Beyond 'You are What You Eat'

Obesity is a pandemic, and one center of the pandemic is the United States, where about 40% of adults and over 20% of adolescents ages 12-19 are obese, according to the Centers for Disease Control and Prevention. The disorder contributes to heart disease, stroke, Type 2 diabetes, certain forms of cancer and many other ailments. “It’s a crushing burden on public health and our health care system,” says Richard Mattes, distinguished professor of nutrition science and head of the Department of Public Health.

The driver for overweight and obesity is simple: regularly consuming more energy than we need to maintain a healthy body weight. However, the underlying biological mechanisms and solutions are far less clear. “We don’t know why somebody can eat one type of diet and be fine, while somebody else eats that same diet and becomes overweight,” says Kimberly Kinzig, associate professor of psychological sciences. “There’s not just a single cause of obesity; there are environmental components, biological components and genetic components.”
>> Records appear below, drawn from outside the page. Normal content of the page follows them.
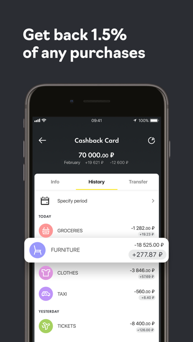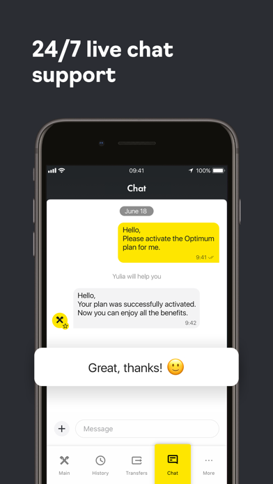 • quick access to transactions history, forms of payments and transfers, chat, app settings
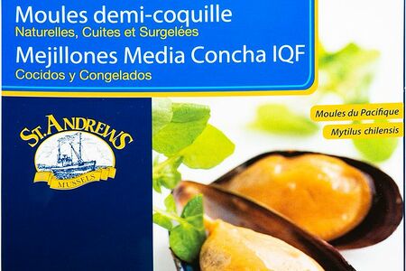 Мидии чилийские St. Andrews варёно-мороженые в половинках раковин доставка
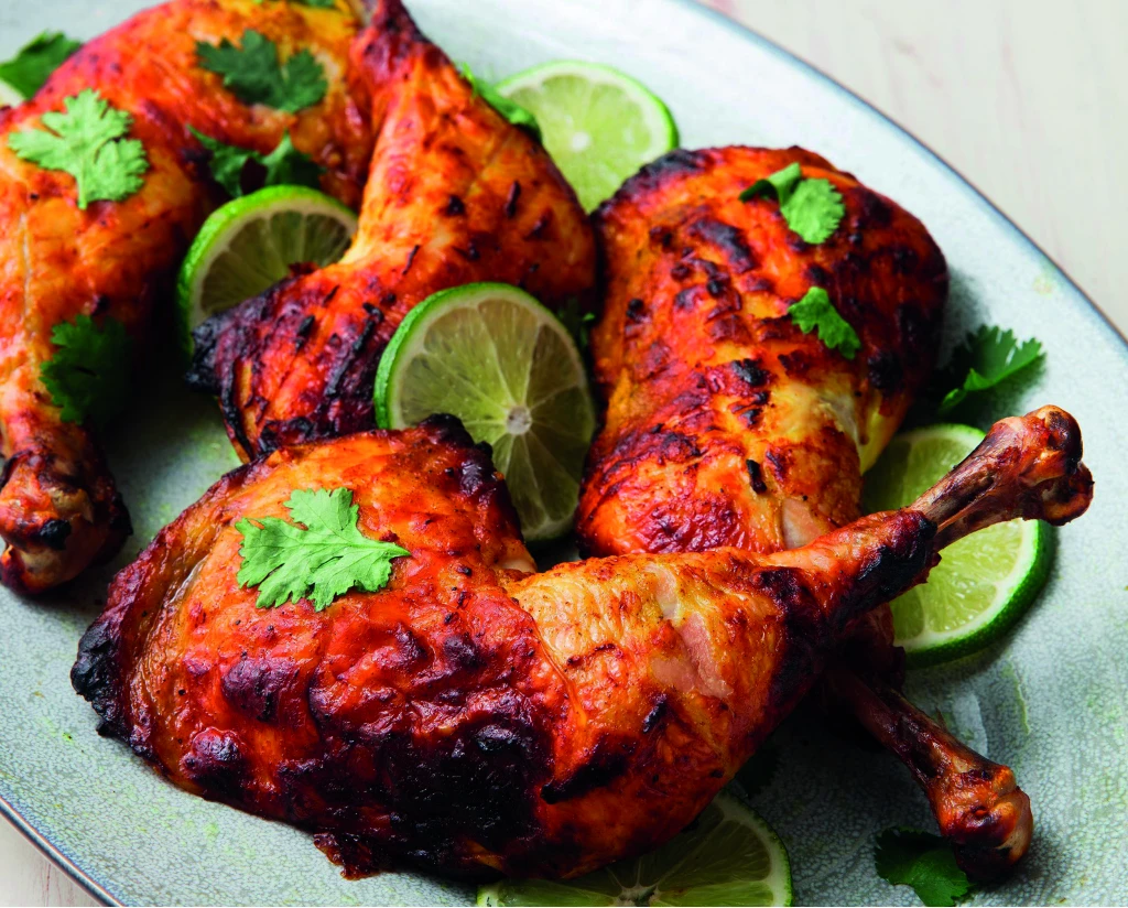 Grillade kycklingklubbor marinerad med tandoorikryddor

Purdue researchers are pursuing a broad sweep of obesity-related studies across fields ranging from nutrition science and psychology to biology and food science. One key interdisciplinary thrust is to understand eating behaviors and their results. Officially launched in 2005, the Ingestive Behavior Research Center (IBRC) located in Purdue’s Discovery Park brings together dozens of faculty members, from eight colleges at Purdue, with this goal. IBRC investigators seek to understand the mechanisms determining why, when, what and how much people eat and the effects on our health. They also seek to identify ways to improve eating behaviors, and investigate potential clinical treatments that might help those who need help.
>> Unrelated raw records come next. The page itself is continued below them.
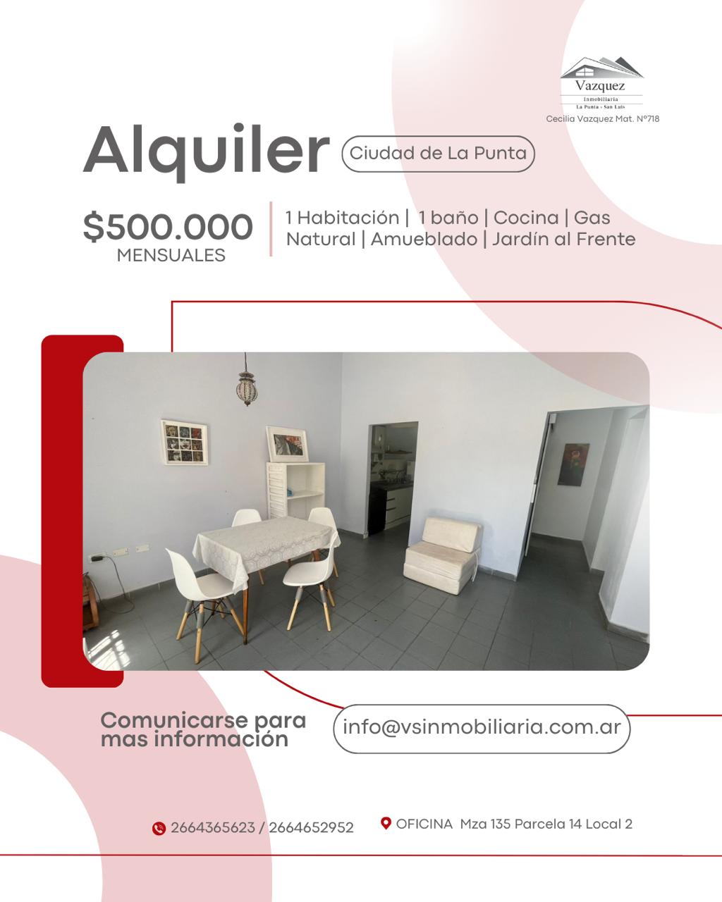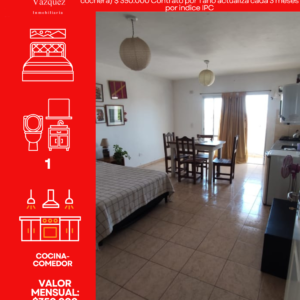 SE ALQUILA Departamento de 1 dormitorio, cocina comedor y baño. Amoblado para grupo fliar de hasta 3 personas $ 500.000 (sin cochera)
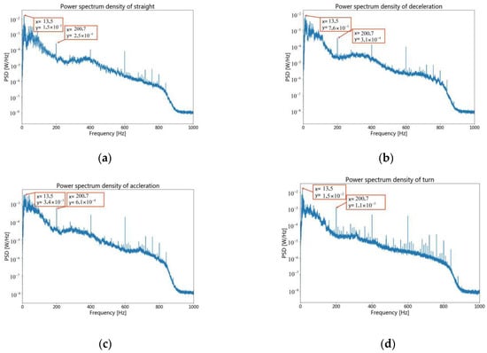 Figure 5 shows the power spectrum density by the fourth type of vessel. A set of resonant waves at a fundamental frequency of 200 Hz occur stably under four different operating conditions. High-frequency points are shifted when the vessel is in an accelerated motion. The high-frequency spectral density varies significantly, and the low-frequency spectral density is more stable than the high frequency under different working conditions. Figure 5b,c show the acceleration and deceleration. Compared with Figure 5a, the power spectral density in high frequency is higher than in the straight motion, and some frequency points in the high frequency are changed. Figure 5d shows turning, and many spectral density power spikes appear in the high frequency compared with Figure 5a.
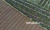 Foto udara sejumlah pengunjung menikmati suasana Ladang Bunga Hortensia (Hydrangea) di Puncak Brakseng, Batu, Jawa Timur, Sabtu (28/6/2025). Akibat menurunnya permintaan bunga dekorasi sejak setahun terakhir, petani setempat mengalihfungsikan lahan pertanian bunga hortensia seluas 7.000 meter persegi miliknya menjadi tempat wisata yang mampu menarik kunjungan wisatawan sekitar 200 hingga 500 orang per hari dengan tiket masuk sebesar Rp10 ribu per orang. (FOTO : ANTARA FOTO/Muhammad Mada)
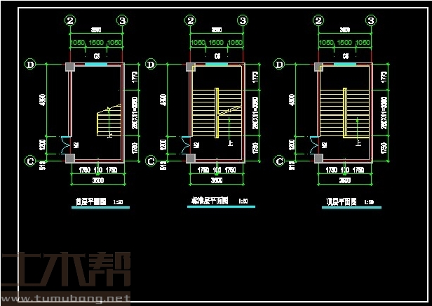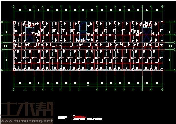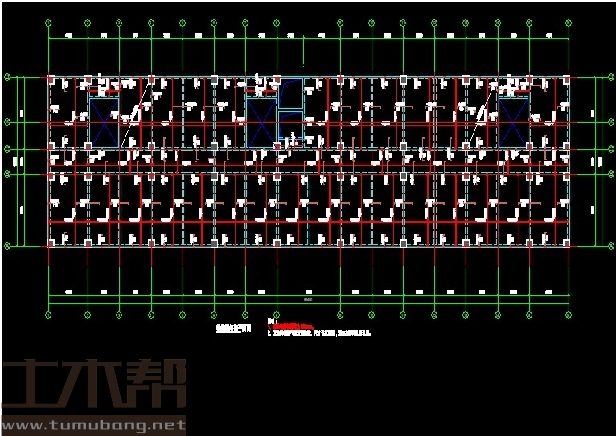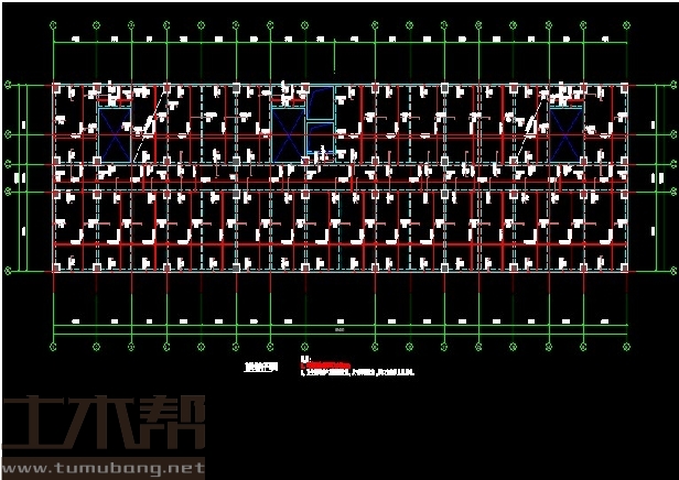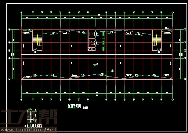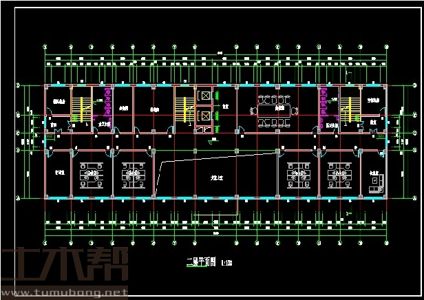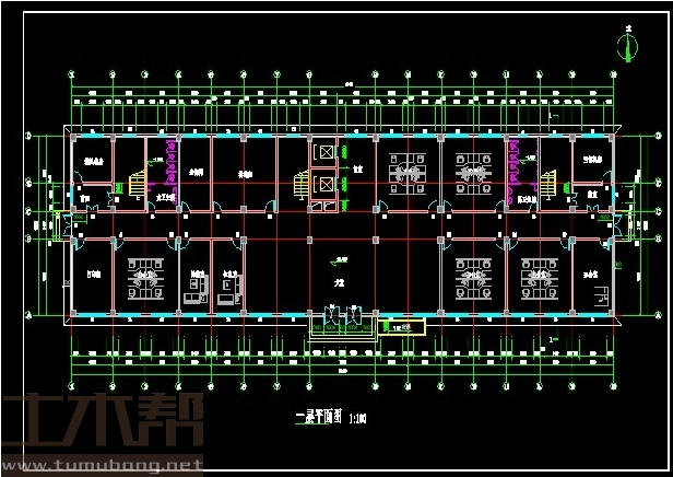 二至七层层:会议室13.8m*14.4m*1间,卫生间3.6m*6m*2间,楼梯间3m*6m*2间,办公室3m*6m*10间,大办公室7.2m*6m*1间;

Responding correctly to food clues

Eating is a complex activity, especially for omnivores like humans. As Mattes notes, “Every time we eat, we put different chemicals in our mouth, and our body has to determine how to handle them. It has to extract the nutrients that we need, it has to excrete toxins and other substances that we don’t want, and there’s a different mix every time.”
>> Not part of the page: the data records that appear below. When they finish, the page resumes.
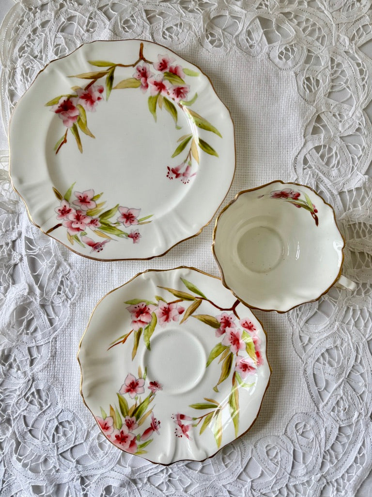 A delightful, delicate antique trio (cup, saucer and plate) with pink floral decoration, gilt edging in porcelain. Fluted edge to all and contoured shape in relief. Ideal for display.
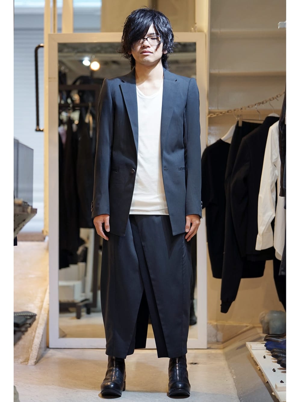 DEVOA Wool Jacket Charcoal individual sentiments Layered Short Sleeve DEVOA Wool HAKAMA Pants Guidi Front Zip Boots **The model is 167cm / 53kg wearing all size 1 and 42 for shoes
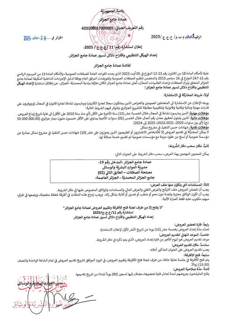 طبقا لأحكام المادة 18 من القانون رقم 23-12 المؤرخ في 05 أوت 2023 الذي يحدد القواعد العامة للصفقات العمومية، والأحكام المادة 13 من المرسوم الرئاسي رقم 15-247 المؤرخ في 16 سبتمبر 2015، والمتضمن تنظيم الصفقات العمومية وتفويضات المرفق العام، ووفقا لدليل الإجراءات الداخلية المكيفة لعمادة جامع الجزائر المتعلق بإبرام الصفقات وإعداد الطلبيات المعدل، تعلن عمادة جامع الجزائر الكائن مقرها ببلدية المحمدية – الجزائر – عن إطلاق استشارة لإعداد الهيكل التنظيمي واقتراح دلائل تسير عمادة جامع الجزائر.
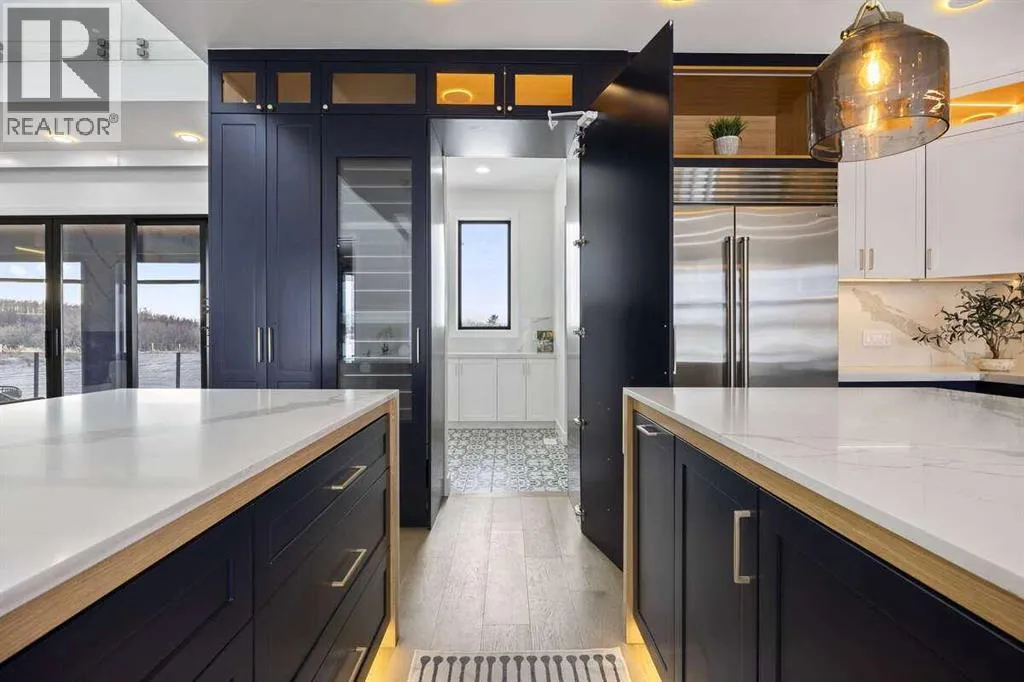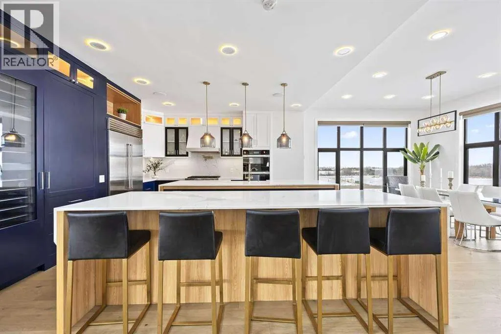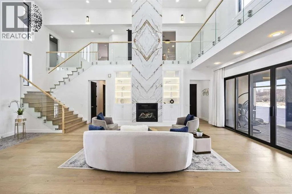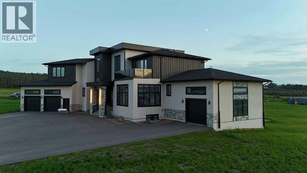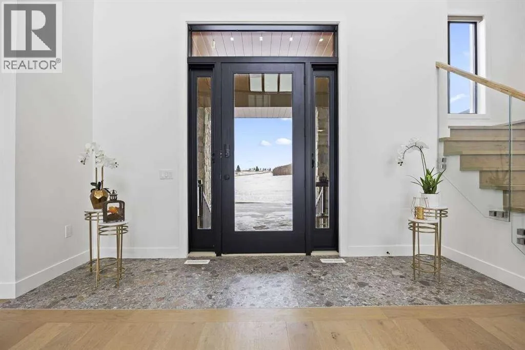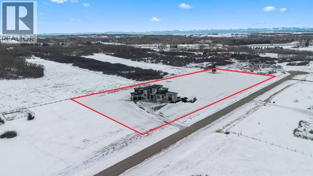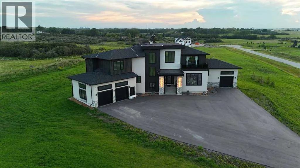 *** For more information, please click the "More Information" button. ***Welcome to an extraordinary blend of modern elegance and countryside charm. Built in 2023, this stunning 6-bedroom, 5.5-bathroom estate offers over 7,200 sq. ft. of meticulously designed living space, nestled on a picturesque 5-acre property. More than just a home, itâs a peaceful retreat surrounded by nature, yet conveniently close to Calgaryâs South Campus hospital, top-rated schools, and urban amenities, offering the perfect balance of serene country living and city convenience. As you enter through natural flat stone pillars, a grand entryway welcomes you into warm and expansive living areas set against the breathtaking backdrop of the Rocky Mountains. The living room features a towering stone fireplace that serves as a centerpiece, while a glass-surround walkway bathes the space in natural light. Telescoping glass doors seamlessly connect indoor and outdoor spaces, making it ideal for entertaining or relaxing with loved ones. The chefâs kitchen is the heart of the home, featuring double islands perfect for hosting, high-end appliances including a combination steam oven, and two butlerâs pantries. These pantries provide ample storage and include access to a hidden workspace and a single garage, adding both functionality and convenience to the kitchenâs design. The main-floor primary suite is a true sanctuary, boasting floor-to-ceiling west-facing windows that frame stunning views. The spa-inspired en-suite includes luxurious stone-accented walls, an oversized soaker tub, and a walk-in shower, while the custom-designed closet caters to a modern lifestyle with ample space and organization. Upstairs, three spacious bedrooms, each with walk-in closets and private bathrooms, provide comfort and privacy for family or guests. A striking glass walkway connects a custom home office and a cozy family room, creating a unique and inviting upper-level retreat. The lower level is designed for both relax ation and activity. Highlights include a home gym with a pro-height basketball hoop, a luxurious steam shower for post-workout relaxation, an additional bedroom, and a versatile flex room that opens directly to the backyard. The outdoor space offers endless possibilities. The expansive backyard is a blank canvas awaiting your visionâwhether itâs a vibrant garden, a playground, or even space for animals. The propertyâs 5-acre expanse ensures privacy and room to customize. Behind the beauty of this estate lies impeccable functionality. Two mechanical rooms house high-end systems, including advanced A/C, on-demand hot water, and multiple furnaces and boilers, ensuring comfort year-round. Premium finishes, custom flooring, and thoughtful details elevate the homeâs design. This property is more than a residenceâitâs a lifestyle. Whether hosting grand gatherings, seeking a tranquil retreat, or making cherished family memories, this estate delivers it all. Donât miss your opportunity to own this incredible count (id:27476)

One focus of his lab is exploring how the sensations involved in appetite are modified both by the properties of food and beverages and by human characteristics such as levels of obesity and physical activity. “The physiological processes involved in food ingestion, digestion and nutrient metabolism are all initiated by the sensory properties of foods,” he says. “Consequently, we are particularly interested in the mechanisms and functions of oral sensory stimulation,” he says.

Some striking findings have come from his clinical research comparing the effects of consuming liquids versus solids. “Our initial thinking might be: A calorie is a calorie, so the source of energy should be of little consequence,” Mattes says. “But everything about how we handle those two food forms is quite different. Based on a number of clinical studies, our interpretation at this point is that beverages tend to add energy to the diet, rather than displacing other energy sources, so are particularly problematic for weight management.”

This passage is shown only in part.